The subject-matter of the claims of auxiliary requests 1 to 5 involved an inventive step for the same reasons as set out for the main request.
Auxiliary request 6 - Article 123(2) EPC
Claim 1 of auxiliary request 6 was allowable under Article 123(2) EPC, since it was based on the application as filed, notably on page 1, lines 13-28, page 25, lines 6-16, page 26, lines 1-4, and page 7, line 26 to page 8, line 28.
Auxiliary request 7 - Admission
Auxiliary request 7 should be admitted into the proceedings, because it addressed the board's objections under Article 123(2) EPC with respect to auxiliary request 6 and did not raise new issues. The newly introduced feature "ageing-related symptoms and conditions" would be understood by the skilled person in the context of the patent and was thus clear under Article 84 EPC.
XIV. The respondent's arguments submitted in writing, insofar as they are relevant for the present decision, can be summarised as follows:
Main request and auxiliary requests 1 to 5 - Article 56 EPC
The claimed methods were obvious from the prior art. The findings of the opposition division concerning a lack of an inventive step based on document D5 as the closest prior art in combination with document D8 were correct. Moreover, if document D21 was used as the closest prior art instead, then the skilled person would still arrive at the claimed subject-matter by combining this document with document D5.
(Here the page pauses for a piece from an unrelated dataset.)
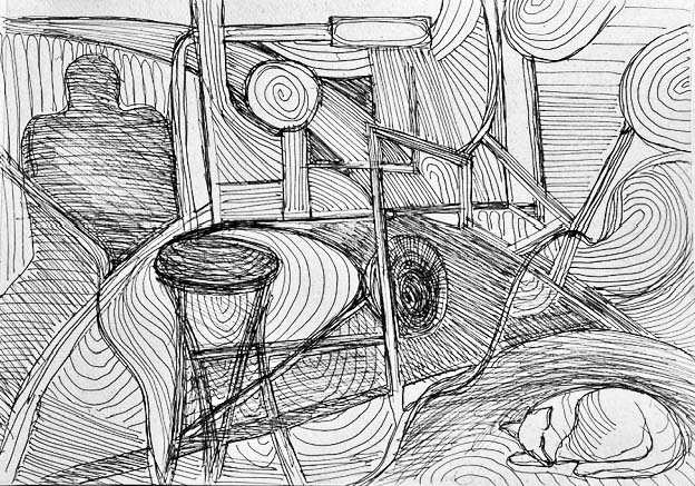 Gestern abend habe ich noch ein wenig mit den Schraffuren weitergespielt. Diesmal versuchte ich nicht, Objekte abzubilden, sondern ließ meiner Fantasie freien Raum. Anregungen nahm ich von Ecken und Winkeln, Rundungen und Geraden des Raums. Ein Teil des Bildes wurde durch eine menschliche Silhouette ausgefüllt. Außerdem nahm eine schlafende Katze im rechten Vordergrund Platz.

Furthermore, there was no prejudice in the prior art that mouse models of accelerated ageing were unsuitable as models for age-related symptoms or for ageing research. Neither of the two opposing opinions as expressed in documents D9 and D6 represented a prejudice in the art.
Auxiliary request 6 - Admission
Auxiliary request 6 was late-filed and should not be admitted into the proceedings, because it could have been presented in the first instance proceedings. Moreover, this request raised new issues under Articles 123(2), 84 and 83 EPC.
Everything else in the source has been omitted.